18.25 Uhr: Ein Helikopter der Rettungsflugwacht vom Typ Augusta erscheint und taucht zu einem ersten Rekognoszierungsflug in die Saxetenschlucht. Direkt vor unserem Haus. Das Ausmass der Katastrophe ist uns zu diesem Zeitpunkt noch nicht bewusst. Ein verunglückter Mountainbikefahrer oder ein von der Strasse abgekommenes Auto, vermute ich. Nun ist es aus mit der Ruhe. Hektik bricht aus, ein Feuerwehrauto braust vorbei. Seltsamerweise aber hört man während der ganzen dramatischen Rettungsaktion kein einziges Martinshorn. Die Rega errichtet auf einer Wiese direkt über unserem Chalet eine Basis für die Verletztenflüge. Eine zweite Augusta und eine Alouette III der Air Glacier holen mit den Seilwinden die Verletzten und Toten aus dem Saxetenbach, derweil eine rote Rega-Alouette pausenlos im systematischen Tiefflug die Lütschine und den Saxetenbach nach weiteren Vermissten absucht. Der Rotorenlärm ist enorm.

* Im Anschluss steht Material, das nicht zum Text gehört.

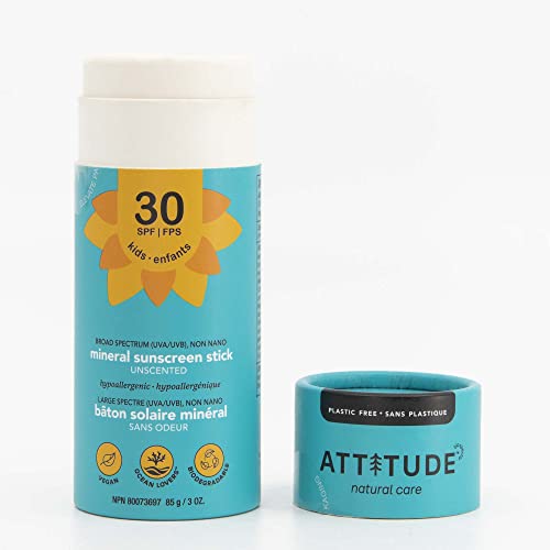 ATTITUDE Sunscreen Stick for Baby and Kids, Broad Spectrum UVA/UVB, Plastic-free, Hypoallergenic, Plant and Mineral-Based Formula, Vegan and Cruelty-free Sun Care Products, SPF 30, Unscented, 85 grams

Das wahre Drama spielt sich aber zur gleichen Zeit im Lütschinendelta neben dem Hafen Bönigen ab. Dort werden mitten im Treibholz die toten Körper der jungen Gäste aus dem Brienzersee geborgen. Genau an der Stelle, wo wir vorgestern abend mit unseren Kindern farbige Kieselsteine aus der Lütschine sammelten. Langsam senkt sich die Nacht übers Berner Oberland. Nun kreisen nur noch die von der Presse gecharterten Kleinhelis über der Unfallstelle am Saxetenbach.

Zu Hunderten sieht man hier in der Region Interlaken die Backpackers auf ihren Entdeckungstouren. Sie logieren oft in der weltberühmten «Balmer's Herberge» oder in «Balmer's Tent» in Matten zwischen Interlaken und Wilderswil. Am Dienstag wurden mindestens 19 junge, hoffnungsvolle Menschen aus aller Herren Ländern durch die Verkettung tragischer Umstände in den Tod gerissen. Es ist geschehen und nun Sache des Berner Untersuchungsrichters, zu entscheiden, ob Fahrlässigkeit zum Unglück geführt hat.
Das Unfassbare ist geschehen. Wilderswil steht unter Schock und mit dem beschaulichen Ferienort wohl auch der Rest der Schweiz.